This phrase has been on my mind so much lately. As someone who tried to turn everything into a lifetime because the original blueprint left something to be desired for. How to know what plugs into where. Square peg and a round hole is a particular speciality of mine. Cafe name ?! Maybe !
Apparently you’re supposed to use your emotions to figure these things out. Who knew those weren’t secondary or even unnecessary dead weight. Even someone who can feel them at a level that is super sonic.
Today I dreamed of owning an indie book shop with a running title Sips and Sentences. Coffee of course. Maybe sandwiches named after various literary characters. But maybe just coffee. Definitely dessert. My motto lately: keep it simple sweetie. Or kiss. I talk to myself real gentle and sweet for the most at part these days.
I’m listening to music and walking in the dreary twilight under a slight drizzle. That we will call ambience.
Lake Missoula by Richie and the something is what my Spotify Dj has picked for me. I have Linda R Long Long Time stuck in my head.
These days so many good sentences, strong ones, sprout from the dirt of my mind. And yet somehow the will to commit them isn’t quite where I want it.
Some life force piece missing. For a know it all type I’m pretty blank on this one.
Walks feed my soul.
Sunday dinners too.
I finished Book Lovers today by Emily Henry. My third romance novel this year. Whoa! Something’s happening. Towards authenticity or away?! Hmmm.
My 20th book this year, 2 behind my 30 goal. My queue (I can never spell this word), is burgeoning bursting at the seams. Life’s too short for all I want to read. But I will write a great American Novel.
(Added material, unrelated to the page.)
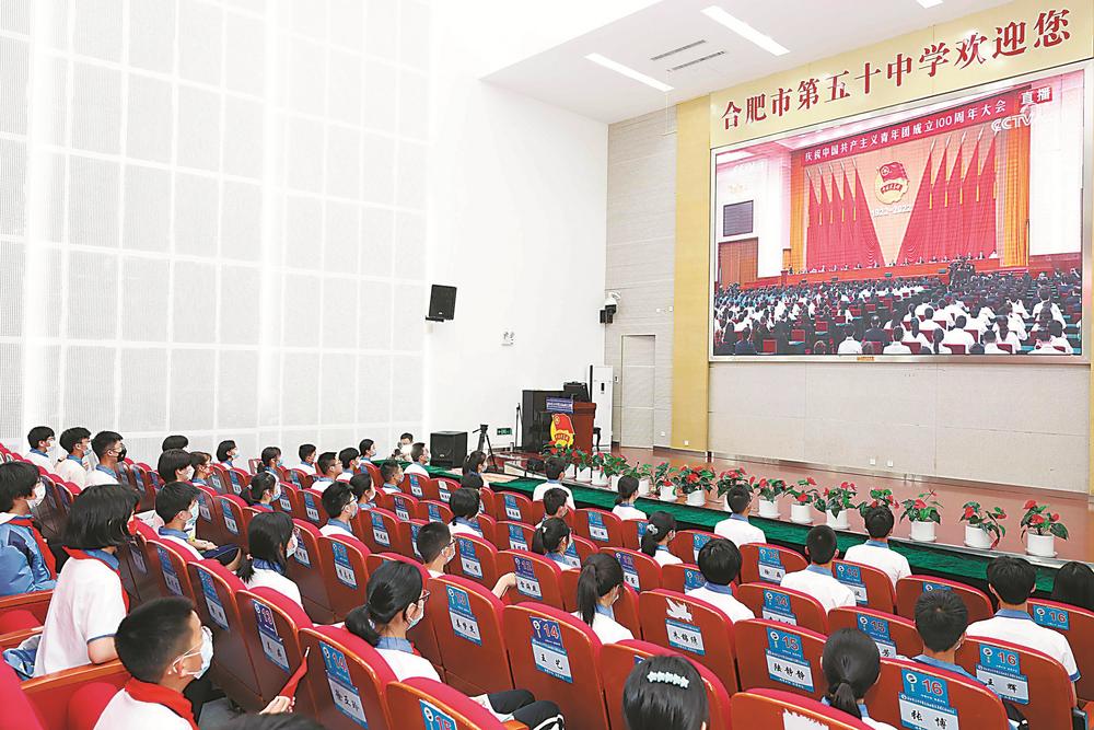 5月10日上午,合肥市蜀山区笔架山街道团工委联合合肥市五十中新校团委,组织该校共青团员观看庆祝中国共产主义青年团成立100周年大会直播,并通过重温入团誓词、唱团歌等形式激发广大共青团员刻苦学习、艰苦奋斗的责任感和使命感。

Someone will probably just have to organize it for me.
I’m a little over self help (a total lie), or maybe I just know I’m more full and g shit than I’d like to be. Like most of us I suppose. I think that’s really a beginning. When you end up back at start over and over to get a layer deeper into life. I should be at the center of the earth by now.
And enlightened soul would probably laugh at how much of a beginner I still am.
That’s ok…..
I truly enjoyed it (the book) A lot to relate to actually. Color me surprised.
I like when life surprises me. Sometimes anyway. Ok universe don’t get too carried away with that one. I know what you’re capable of.
Caramel conversations and Apple kisses. It’s about to be fall and I’m feeling it all as usual. My colors are changing too. My leaves about to drop. Naked and shaking again. Visceral, literal, liberal love, haunted pages.
Light and dark fights for the stage. Desires in my sights. Old and young all at once.
When I put words to a melody magic happens.
Each song brings something else forth.
Unlock me. Unravel. Time is a lie. Only energy matters.
How can you be frozen and flowing all at once.
Today I was thinking about getting coffee and I knew there was a Dunkin’ at a particular stretch near Oxford. And that the Derby Starbucks has closed. I immediately knew Dunkin was not going to be where it’s at.
And I wondered at what moment I became a full fledged Starbucks girl. Like where I’d never look back.
I realized we never know when these moments will be sometimes until years later.
I chose nostalgia of a different kind and went to Safari Kaffeine. Too sweet. Not how I remembered. Not the taste I was going for.
I’m becoming and unlocking and blooming and blossoming. Particularly as a writer. Yet there are still glaciers inside me.
Which is fine because one just can’t go melting all over the place can they?!
I’m no drip….
Anyway that’s it for my evening musings…. Walks over.